In full and without alteration, print the entries.

··· The data ···

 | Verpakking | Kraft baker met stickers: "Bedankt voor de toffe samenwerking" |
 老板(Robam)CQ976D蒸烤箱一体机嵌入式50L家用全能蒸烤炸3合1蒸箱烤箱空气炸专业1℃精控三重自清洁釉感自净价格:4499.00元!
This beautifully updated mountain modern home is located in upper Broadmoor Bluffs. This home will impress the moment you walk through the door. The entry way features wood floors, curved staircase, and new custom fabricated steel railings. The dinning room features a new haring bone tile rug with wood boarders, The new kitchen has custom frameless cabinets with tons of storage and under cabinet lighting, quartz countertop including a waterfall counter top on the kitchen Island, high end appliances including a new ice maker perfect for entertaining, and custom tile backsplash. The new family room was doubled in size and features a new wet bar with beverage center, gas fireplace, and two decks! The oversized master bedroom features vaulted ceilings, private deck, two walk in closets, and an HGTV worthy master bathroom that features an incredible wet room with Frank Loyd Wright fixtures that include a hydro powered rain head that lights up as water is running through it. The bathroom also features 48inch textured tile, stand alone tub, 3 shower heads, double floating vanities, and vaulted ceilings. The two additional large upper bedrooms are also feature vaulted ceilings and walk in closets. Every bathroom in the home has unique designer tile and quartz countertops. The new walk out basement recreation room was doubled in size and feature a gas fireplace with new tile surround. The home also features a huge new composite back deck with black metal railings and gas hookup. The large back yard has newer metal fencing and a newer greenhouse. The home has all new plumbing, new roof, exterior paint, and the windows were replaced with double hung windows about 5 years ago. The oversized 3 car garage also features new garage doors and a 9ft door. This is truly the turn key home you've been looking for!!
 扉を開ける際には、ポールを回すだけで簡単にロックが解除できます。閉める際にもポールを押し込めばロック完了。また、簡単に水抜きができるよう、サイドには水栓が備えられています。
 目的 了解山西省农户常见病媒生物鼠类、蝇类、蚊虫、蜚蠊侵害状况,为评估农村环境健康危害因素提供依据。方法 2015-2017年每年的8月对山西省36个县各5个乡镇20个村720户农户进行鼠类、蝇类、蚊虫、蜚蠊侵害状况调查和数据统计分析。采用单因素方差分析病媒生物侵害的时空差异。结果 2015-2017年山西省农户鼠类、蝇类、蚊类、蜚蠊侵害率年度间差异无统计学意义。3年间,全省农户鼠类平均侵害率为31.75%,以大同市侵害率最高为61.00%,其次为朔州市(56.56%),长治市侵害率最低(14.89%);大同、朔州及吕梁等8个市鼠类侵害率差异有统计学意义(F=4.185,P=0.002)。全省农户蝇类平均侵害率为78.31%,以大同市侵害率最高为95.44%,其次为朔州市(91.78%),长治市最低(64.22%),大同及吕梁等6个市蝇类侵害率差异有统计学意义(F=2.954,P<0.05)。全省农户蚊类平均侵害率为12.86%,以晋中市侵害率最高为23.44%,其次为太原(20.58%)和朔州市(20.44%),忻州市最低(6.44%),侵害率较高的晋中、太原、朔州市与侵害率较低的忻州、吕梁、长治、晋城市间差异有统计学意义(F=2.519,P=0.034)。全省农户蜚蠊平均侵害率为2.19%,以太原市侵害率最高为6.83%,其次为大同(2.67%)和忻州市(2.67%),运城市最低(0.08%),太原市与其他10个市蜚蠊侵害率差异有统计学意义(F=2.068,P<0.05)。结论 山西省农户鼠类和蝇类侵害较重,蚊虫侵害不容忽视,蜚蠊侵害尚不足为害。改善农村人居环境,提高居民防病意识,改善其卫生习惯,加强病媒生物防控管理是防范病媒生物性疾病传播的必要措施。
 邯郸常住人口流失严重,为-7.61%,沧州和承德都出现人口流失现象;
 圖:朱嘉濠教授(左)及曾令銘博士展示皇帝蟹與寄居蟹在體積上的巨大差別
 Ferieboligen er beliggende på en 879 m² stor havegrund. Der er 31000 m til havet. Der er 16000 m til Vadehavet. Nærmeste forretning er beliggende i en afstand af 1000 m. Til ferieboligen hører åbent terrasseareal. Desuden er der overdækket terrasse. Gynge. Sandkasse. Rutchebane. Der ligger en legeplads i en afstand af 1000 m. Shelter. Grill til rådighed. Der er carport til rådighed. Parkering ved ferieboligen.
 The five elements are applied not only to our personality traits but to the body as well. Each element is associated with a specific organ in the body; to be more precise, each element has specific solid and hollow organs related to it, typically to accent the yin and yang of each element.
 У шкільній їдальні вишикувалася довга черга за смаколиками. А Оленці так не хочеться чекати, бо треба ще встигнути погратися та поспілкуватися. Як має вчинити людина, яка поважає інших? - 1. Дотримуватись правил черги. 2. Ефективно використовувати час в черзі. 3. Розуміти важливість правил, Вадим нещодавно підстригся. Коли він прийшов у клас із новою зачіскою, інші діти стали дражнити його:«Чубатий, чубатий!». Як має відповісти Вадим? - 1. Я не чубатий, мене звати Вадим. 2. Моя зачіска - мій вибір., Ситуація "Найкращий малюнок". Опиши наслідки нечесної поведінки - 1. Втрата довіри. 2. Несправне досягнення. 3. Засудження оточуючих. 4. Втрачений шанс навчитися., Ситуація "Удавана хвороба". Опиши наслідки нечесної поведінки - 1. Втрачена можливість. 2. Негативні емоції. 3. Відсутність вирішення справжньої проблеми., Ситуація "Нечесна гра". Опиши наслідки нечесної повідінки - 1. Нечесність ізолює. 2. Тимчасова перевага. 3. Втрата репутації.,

···

◆ **Written reply**:
 | Verpakking | Kraft baker met stickers: "Bedankt voor de toffe samenwerking" |
 老板(Robam)CQ976D蒸烤箱一体机嵌入式50L家用全能蒸烤炸3合1蒸箱烤箱空气炸专业1℃精控三重自清洁釉感自净价格:4499.00元!
This beautifully updated mountain modern home is located in upper Broadmoor Bluffs. This home will impress the moment you walk through the door. The entry way features wood floors, curved staircase, and new custom fabricated steel railings. The dinning room features a new haring bone tile rug with wood boarders, The new kitchen has custom frameless cabinets with tons of storage and under cabinet lighting, quartz countertop including a waterfall counter top on the kitchen Island, high end appliances including a new ice maker perfect for entertaining, and custom tile backsplash. The new family room was doubled in size and features a new wet bar with beverage center, gas fireplace, and two decks! The oversized master bedroom features vaulted ceilings, private deck, two walk in closets, and an HGTV worthy master bathroom that features an incredible wet room with Frank Loyd Wright fixtures that include a hydro powered rain head that lights up as water is running through it. The bathroom also features 48inch textured tile, stand alone tub, 3 shower heads, double floating vanities, and vaulted ceilings. The two additional large upper bedrooms are also feature vaulted ceilings and walk in closets. Every bathroom in the home has unique designer tile and quartz countertops. The new walk out basement recreation room was doubled in size and feature a gas fireplace with new tile surround. The home also features a huge new composite back deck with black metal railings and gas hookup. The large back yard has newer metal fencing and a newer greenhouse. The home has all new plumbing, new roof, exterior paint, and the windows were replaced with double hung windows about 5 years ago. The oversized 3 car garage also features new garage doors and a 9ft door. This is truly the turn key home you've been looking for!!
 扉を開ける際には、ポールを回すだけで簡単にロックが解除できます。閉める際にもポールを押し込めばロック完了。また、簡単に水抜きができるよう、サイドには水栓が備えられています。
 目的 了解山西省农户常见病媒生物鼠类、蝇类、蚊虫、蜚蠊侵害状况,为评估农村环境健康危害因素提供依据。方法 2015-2017年每年的8月对山西省36个县各5个乡镇20个村720户农户进行鼠类、蝇类、蚊虫、蜚蠊侵害状况调查和数据统计分析。采用单因素方差分析病媒生物侵害的时空差异。结果 2015-2017年山西省农户鼠类、蝇类、蚊类、蜚蠊侵害率年度间差异无统计学意义。3年间,全省农户鼠类平均侵害率为31.75%,以大同市侵害率最高为61.00%,其次为朔州市(56.56%),长治市侵害率最低(14.89%);大同、朔州及吕梁等8个市鼠类侵害率差异有统计学意义(F=4.185,P=0.002)。全省农户蝇类平均侵害率为78.31%,以大同市侵害率最高为95.44%,其次为朔州市(91.78%),长治市最低(64.22%),大同及吕梁等6个市蝇类侵害率差异有统计学意义(F=2.954,P<0.05)。全省农户蚊类平均侵害率为12.86%,以晋中市侵害率最高为23.44%,其次为太原(20.58%)和朔州市(20.44%),忻州市最低(6.44%),侵害率较高的晋中、太原、朔州市与侵害率较低的忻州、吕梁、长治、晋城市间差异有统计学意义(F=2.519,P=0.034)。全省农户蜚蠊平均侵害率为2.19%,以太原市侵害率最高为6.83%,其次为大同(2.67%)和忻州市(2.67%),运城市最低(0.08%),太原市与其他10个市蜚蠊侵害率差异有统计学意义(F=2.068,P<0.05)。结论 山西省农户鼠类和蝇类侵害较重,蚊虫侵害不容忽视,蜚蠊侵害尚不足为害。改善农村人居环境,提高居民防病意识,改善其卫生习惯,加强病媒生物防控管理是防范病媒生物性疾病传播的必要措施。
 邯郸常住人口流失严重,为-7.61%,沧州和承德都出现人口流失现象;
 圖:朱嘉濠教授(左)及曾令銘博士展示皇帝蟹與寄居蟹在體積上的巨大差別
 Ferieboligen er beliggende på en 879 m² stor havegrund. Der er 31000 m til havet. Der er 16000 m til Vadehavet. Nærmeste forretning er beliggende i en afstand af 1000 m. Til ferieboligen hører åbent terrasseareal. Desuden er der overdækket terrasse. Gynge. Sandkasse. Rutchebane. Der ligger en legeplads i en afstand af 1000 m. Shelter. Grill til rådighed. Der er carport til rådighed. Parkering ved ferieboligen.
 The five elements are applied not only to our personality traits but to the body as well. Each element is associated with a specific organ in the body; to be more precise, each element has specific solid and hollow organs related to it, typically to accent the yin and yang of each element.
 У шкільній їдальні вишикувалася довга черга за смаколиками. А Оленці так не хочеться чекати, бо треба ще встигнути погратися та поспілкуватися. Як має вчинити людина, яка поважає інших? - 1. Дотримуватись правил черги. 2. Ефективно використовувати час в черзі. 3. Розуміти важливість правил, Вадим нещодавно підстригся. Коли він прийшов у клас із новою зачіскою, інші діти стали дражнити його:«Чубатий, чубатий!». Як має відповісти Вадим? - 1. Я не чубатий, мене звати Вадим. 2. Моя зачіска - мій вибір., Ситуація "Найкращий малюнок". Опиши наслідки нечесної поведінки - 1. Втрата довіри. 2. Несправне досягнення. 3. Засудження оточуючих. 4. Втрачений шанс навчитися., Ситуація "Удавана хвороба". Опиши наслідки нечесної поведінки - 1. Втрачена можливість. 2. Негативні емоції. 3. Відсутність вирішення справжньої проблеми., Ситуація "Нечесна гра". Опиши наслідки нечесної повідінки - 1. Нечесність ізолює. 2. Тимчасова перевага. 3. Втрата репутації.,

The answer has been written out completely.